Sometimes external circumstances, for example slow memory, prevent the instruction from continuing. Sometimes the instruction is split into simpler operations because of limitations in the hardware, for example 64bits loads and stores. Sometime the instruction is too complex to fit in one cycle, for example divisions.
– Due to the limited number of read and write ports of the register file and/or the 64bits memory accesses, the LDD[A], ST[A], STD[A], SWAP[A] and LDSTUB[A] instructions are split in the decode stage, they occupy two or three pipeline stages and the cycle_dec signal counts cycles.

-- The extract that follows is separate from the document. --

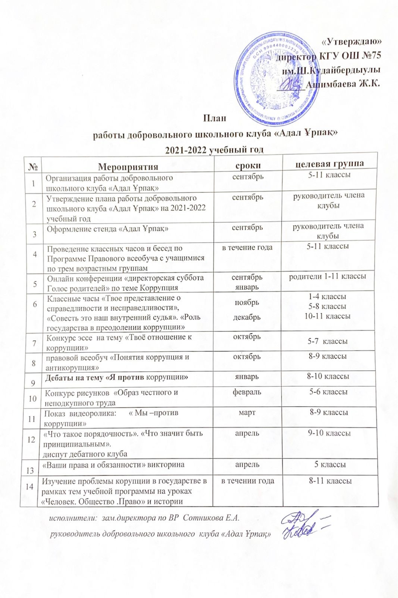 04 сентябрь 2021 0 1 2 3 4 5 ПЛАН Работы добровольного школьного клуба «Адал Ұрпақ» 2021-2022 учебный год

64bits loads and stores are split in two 32bits accesses, starting with high significant/low address. These instructions could have been avoided, as they are different from the genuine 64bits SparcV9 load and store instructions, which use one 64bits register instead of a pair of 32bits registers. They are useful for block copies and register windows save/restore traps, on CPUs with internal caches having 64bits busses (not for PIPE5 !).
– SWAP[A] and LDSTUB[A] generates a load then a store. The swapped register content is saved in the pipeline, between the EXE and MEM stages. These instructions are scheduled like a store double, and the data that will be stored is already present on the PLOMB bus during the load access.
– The integer multiply and divide instructions last several cycles but instead of being split into sub-operations, they stall the EXECUTE stage.
– The floating point instructions can also last several cycles, but, as the FP pipeline is separate, when the FPU is busy and unable to accept any new instruction, it stalls the IU at the DECODE level. Interleaving FP and integer instructions, instead of clustering them, augments performances.
– There is a last type of multi-cycle instructions, JMPL (and RETT). The next instruction address is PC+4 or, for branches and calls, it is some arithmetic relation between the current PC and an immediate value.
For JMPL/RETT, the next instruction is the result of an addition that depends on integer registers values. That addition is performed by the ALU during the EXECUTE stage. JMPL lasts two cycles in a way different from the other multi-cycles instructions, it forces a stall to enable the injection of the new PC from the EXECUTE stage. That stall is not necessary if the following instruction is also a JMPL (or a RETT).
In traditional CISC processors, most instructions lasted several cycles and the decoder used a ROM table for generating successive sub-operations. In PIPE5, there is neither sequencer nor microcode, simply a few multiplexers, counters and toggles.